Using the techniques which you have learnt in Sec 2, the x-intercepts of the graph y = (x - 1) (x - 3) are x = 1 and x = 3.

The graph will in fact divide itself into three regions, typical of a "smiley" face graph with two intercepts:

1. A positive region before the first intercept
2. A negative region between the two intercepts
3. A positive region after the second intercept

Now, again we cannot break up

(x - 1) (x - 3) > 0

conveniently into

x - 1 > 0, x - 3 > 0

as explained previously. This is a conceptual error amongst many students.

Because of the three regions described above, we will find that the positive regions are dictated by x < 1 and x > 3.

For a similar reason, the negative region for (x - 1) (x - 3) will be the centre region, and the inequality describing this region is

1 < x < 3

because the regions extend from 1 to 3.

Again, we cannot conveniently break the inequality down into separate inequalities x - 1 < 0, x - 3 < 0.

But what happens if the graph is, say, a "sad" face graph?

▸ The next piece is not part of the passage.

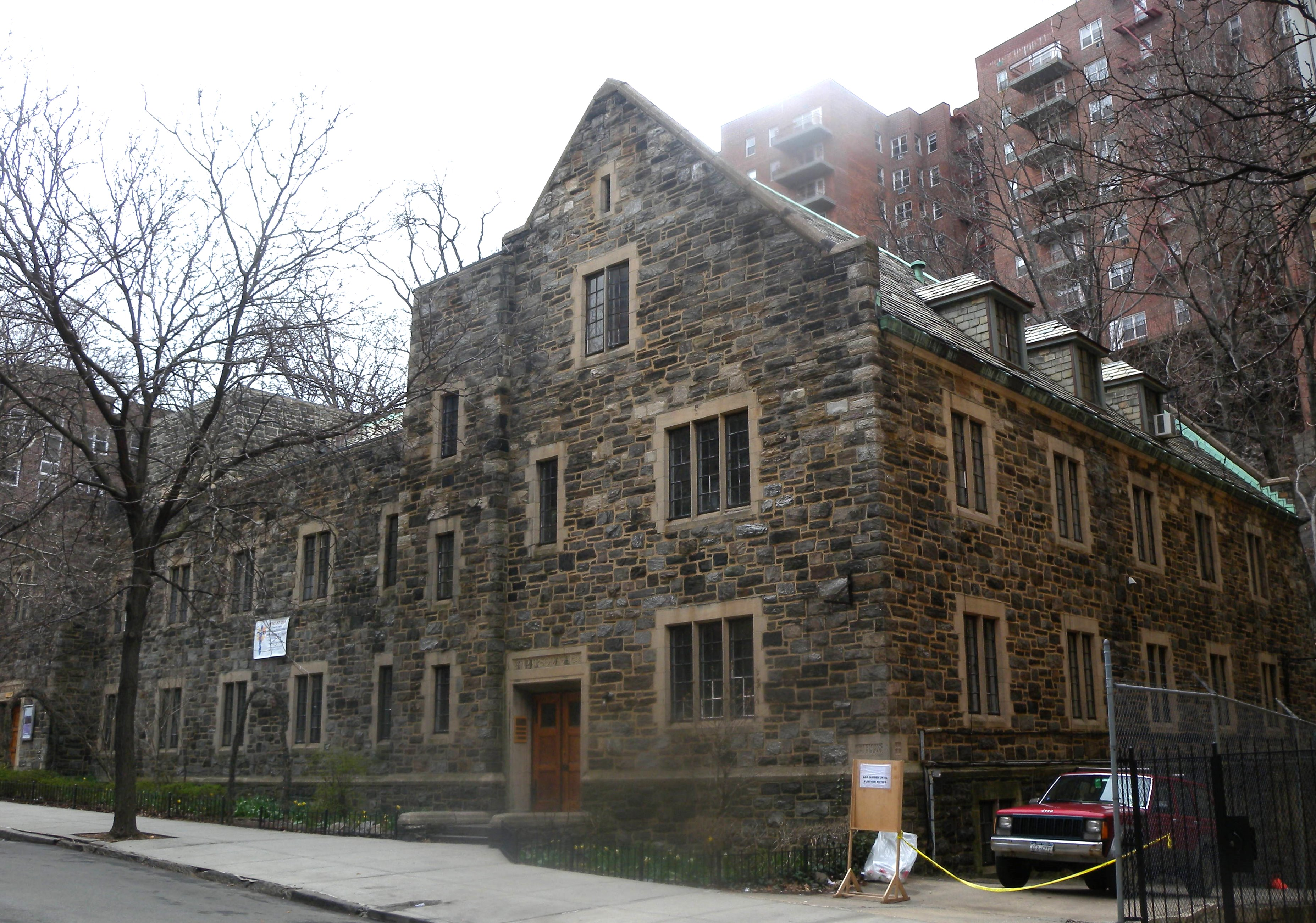 Looking west across Bennet Avenue and up the hill at Church of Our Savior's Atonement on a cloudy midday.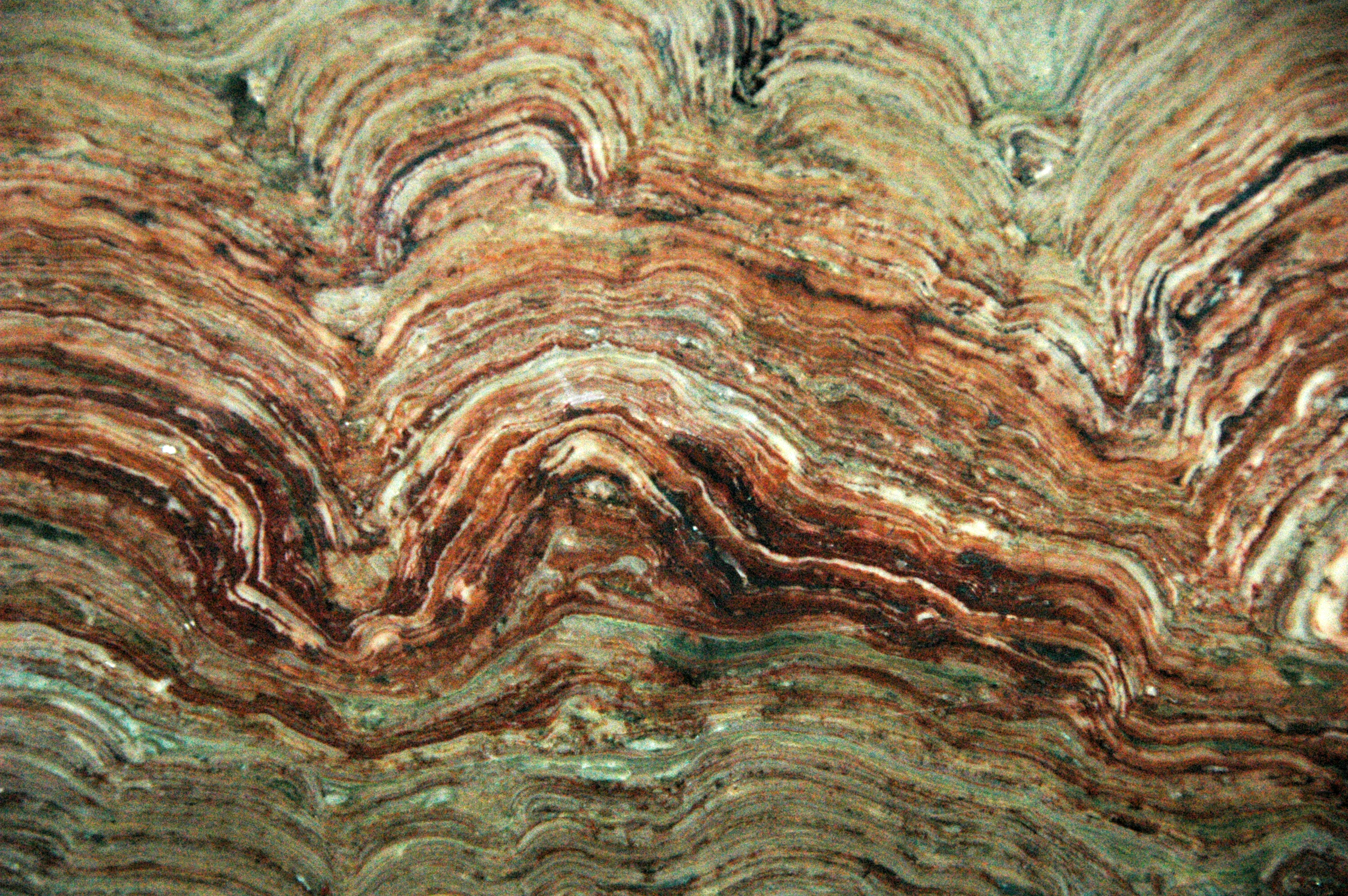 Stromatolites (cut & polished slice) from the Precambrian of Montana (public display, Museum of the Rockies, Bozeman, Montana, USA). Stratigraphy: Snowslip Formation, Belt Supergroup, Mesoproterozoic, ~1.44 Ga. Locality: Glacier National Park, northwestern Montana, USA. Stromatolites are large, layered structures built up by mats of cyanobacteria. Stromatolites vary in appearance, ranging from slightly wrinkled horizontal laminations in sedimentary rocks to low mounds to prominent mounds to columnar structures and other forms. Stromatolites are most common in the Proterozoic fossil record. They are scarce today, but famous modern examples occur at Shark Bay, Western Australia.

How will we go about doing this?

First, let's describe a possible path of such graphs. The graph will start from a very negative value and then goes up to cut the x-axis at the first point. Thereafter, the graph attains a maximum point before falling down to hit the x-axis at the second point and then falling down forever.

From here, you have successfully described the regions.

A sketch of such graphs, such as the one tutor Maxyn has included, often helps us visualise these regions better to make an informed statement for the range of values of x.

If you are not comfortable with remembering a sad face graph, you can also attempt to make them "smiley", but with a different signage of the inequality.

Equations such as

- (x + 1) (x - 3) > 0

can be easily converted into

(x + 1) (x - 3) < 0

by multiplying both sides by -1 and changing the inequality sign for the negative multiplier (you have learnt this rule of changing inequality signs, correct?).

Though these are different graphs with different regions, our solutions for the respective range of values of x will not change.